··· Provided data

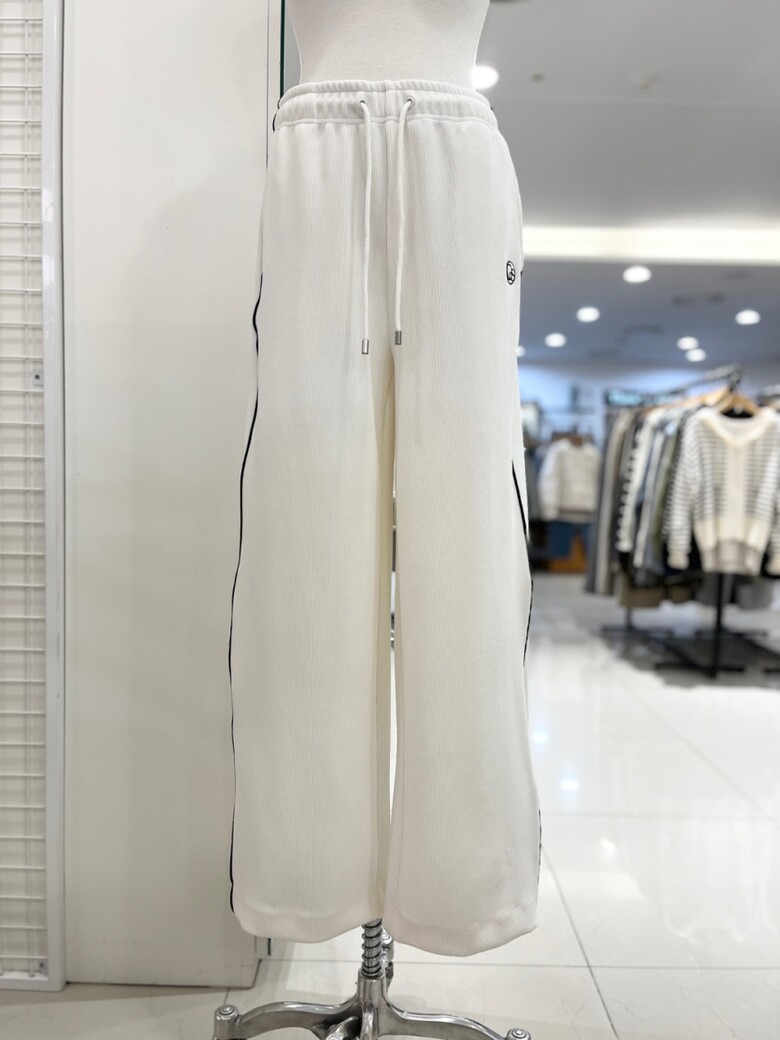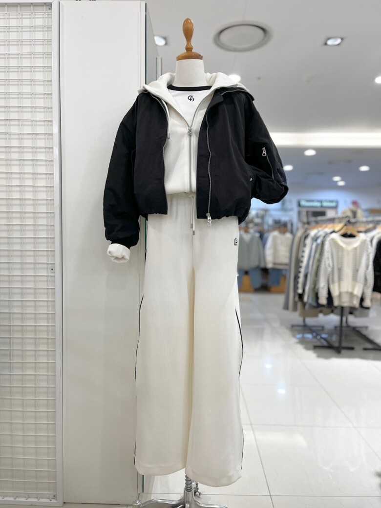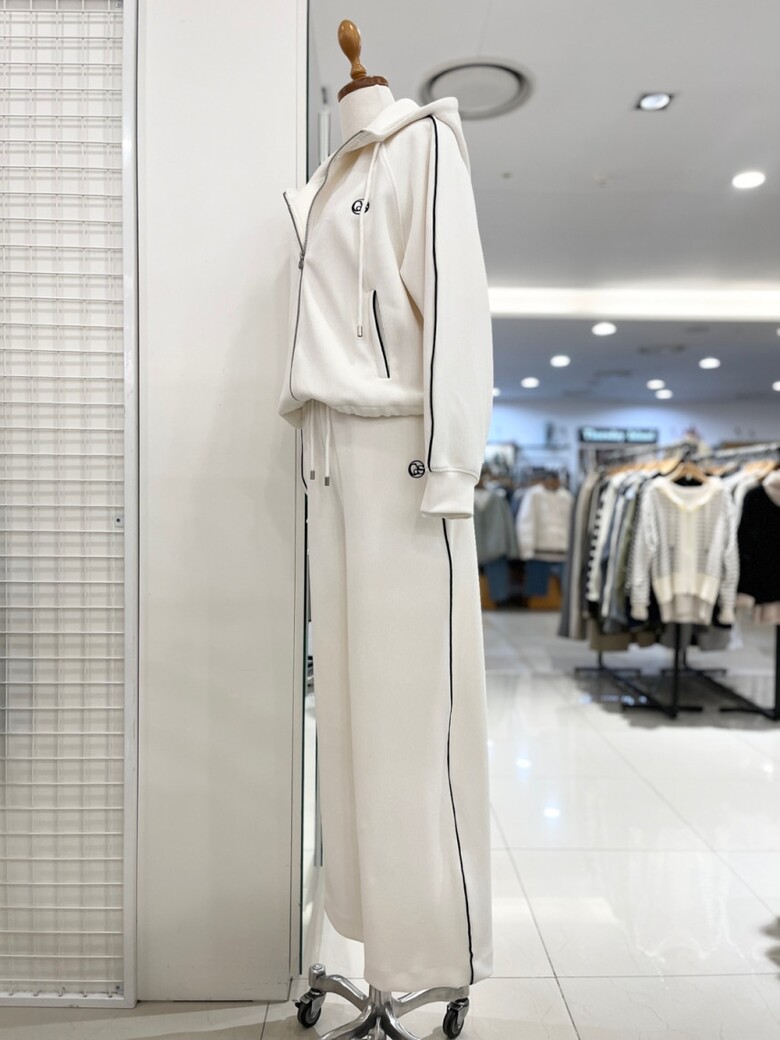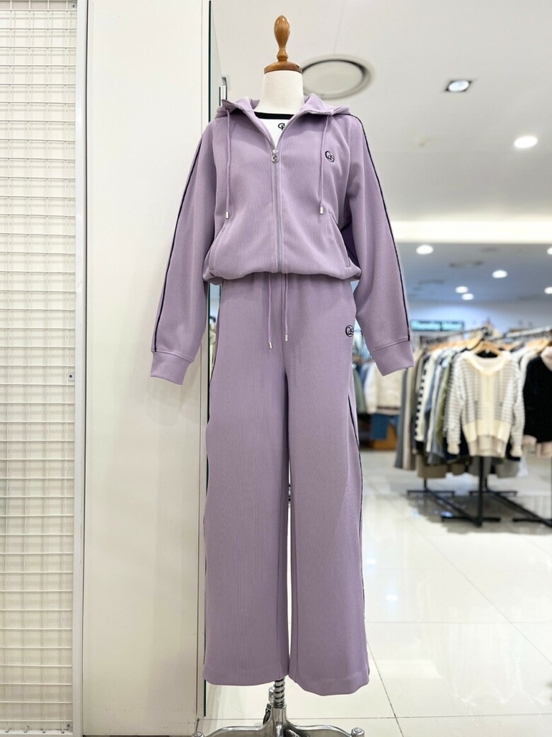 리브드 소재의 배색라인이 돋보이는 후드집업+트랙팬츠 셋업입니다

······
··· Provided data

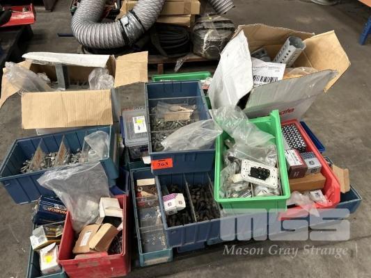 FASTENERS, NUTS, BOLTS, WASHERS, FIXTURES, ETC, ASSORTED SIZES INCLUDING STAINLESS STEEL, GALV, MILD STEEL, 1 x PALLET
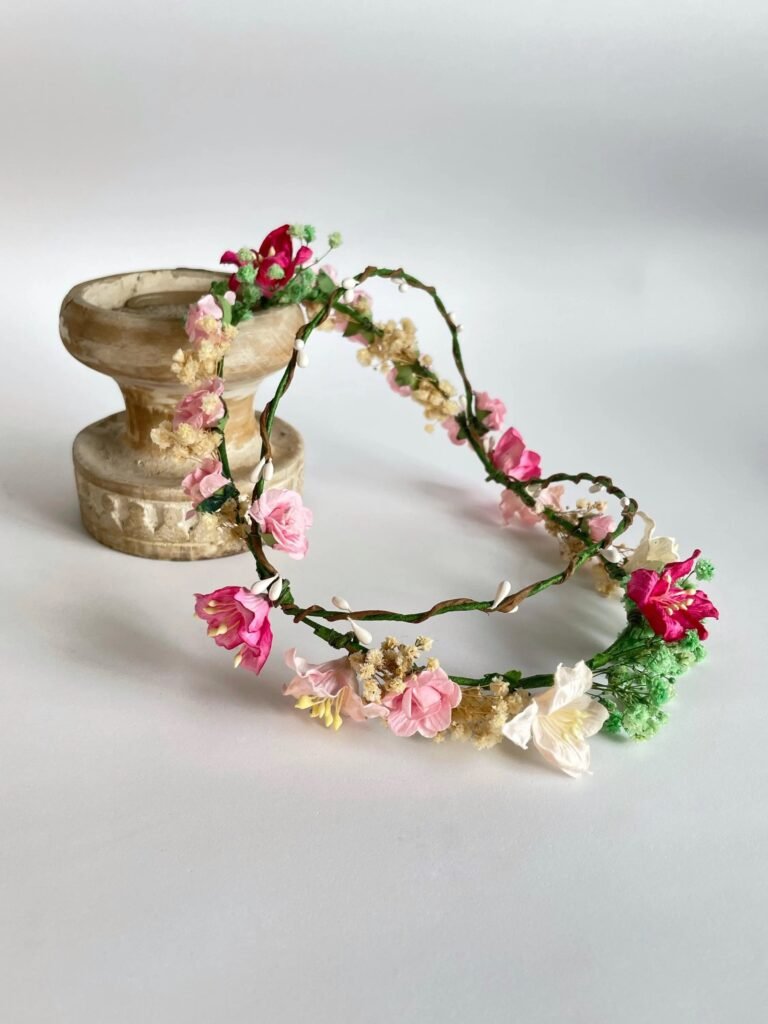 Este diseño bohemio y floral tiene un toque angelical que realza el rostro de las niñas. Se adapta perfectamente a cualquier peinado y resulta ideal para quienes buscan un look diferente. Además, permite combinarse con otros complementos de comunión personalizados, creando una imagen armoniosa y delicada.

······

Using the entries above, extract exactly the lines from the one that contains "FASTENERS, NUTS, BOLTS, WASHERS, FIXTURES, ETC, ASSORTED" through the one that contains "Este diseño bohemio". Do not carry over any pictures.

Answer space>
 FASTENERS, NUTS, BOLTS, WASHERS, FIXTURES, ETC, ASSORTED SIZES INCLUDING STAINLESS STEEL, GALV, MILD STEEL, 1 x PALLET
 Este diseño bohemio y floral tiene un toque angelical que realza el rostro de las niñas. Se adapta perfectamente a cualquier peinado y resulta ideal para quienes buscan un look diferente. Además, permite combinarse con otros complementos de comunión personalizados, creando una imagen armoniosa y delicada.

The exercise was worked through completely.